The cruelty and callousness that allowed jilted wives to order and commit such brutal
attacks on young women also had its echo in history. As the historian Michael Vickery has
written, patterns of sudden and extreme violence had deep roots in Cambodia, especially
against those groups and individuals defined in some way as enemies. Though cruel viol-
ence found its fullest expression under Pol Pot, it long predated Democratic Kampuchea,
stemming from cultural notions of face, honor, and revenge, in which personal grudges
( kum ) could elicit a disproportionate and overwhelming response. 9 In peacetime, too, the
pattern persisted. People like Khoun Sophal continued to commit the most appalling acts
of personal violence, untroubled by remorse and unchecked by effective legal restraints.

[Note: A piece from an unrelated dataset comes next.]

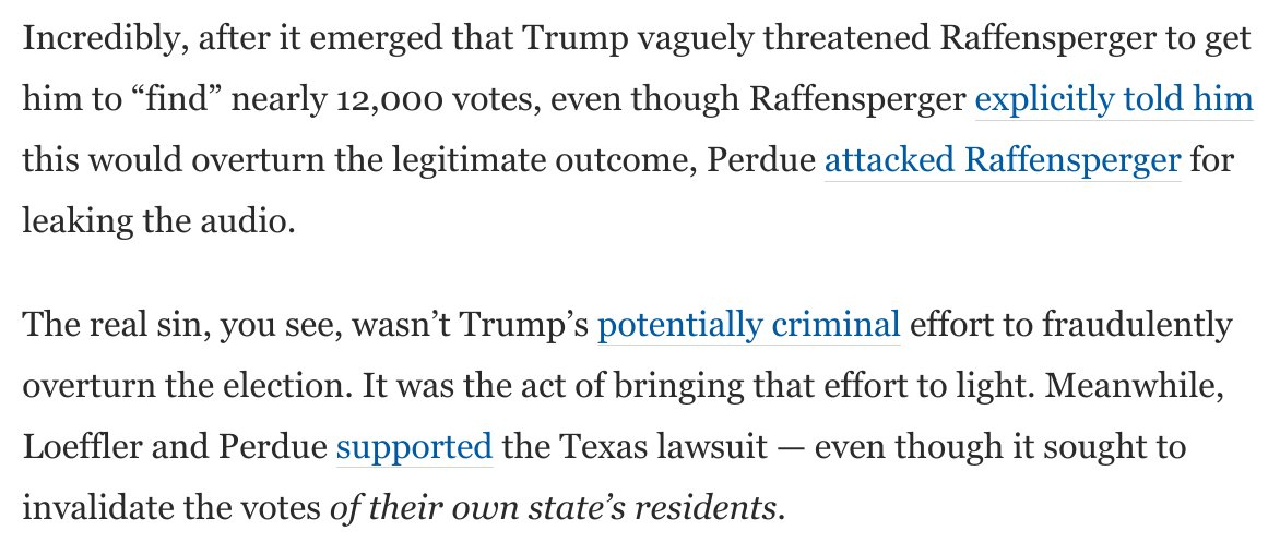 This keeps getting lost in euphemism. But Kelly Loeffler and David Perdue are waging full-scale war *on their own state's voters.* If they win, this will be validated as just another tool of political mobilization. That's awful to contemplate. My latest: washingtonpost.com/opinions/2021/…

For Singapore's prime minister Lee Kuan Yew, Cambodia's leaders were “utterly mer-
ciless and ruthless, without humane feelings”. The historian Margaret Slocomb likened
them to mythical gods:
They do what they like, they exist on another higher plane, they believe they have rights which
usurp the true rights of the masses, they sit up there in Valhalla, eat grapes, love their wenches,
count their money, and occasionally hurl down thunderbolts to remind the masses who they are. 10
By the end of the 1990s, things were turning out well for Hun Sen. The 1998 election had
worked its democratic alchemy, giving his seizure of power a pluralistic sheen. Shortly
afterward he flew to New York to reclaim Cambodia's seat at the UN, and, in April 1999,
after nearly two years' delay, the country was finally admitted into ASEAN. For Lee
Kuan Yew, the calculation of outside powers was simple: “no country wanted to spend
$2 billion for another UN operation to hold fair elections.” 11 For Hun Sen, Cambodia's
admission into ASEAN was a long-awaited trophy of international acceptance, the sort of
recognition he had craved for more than a decade.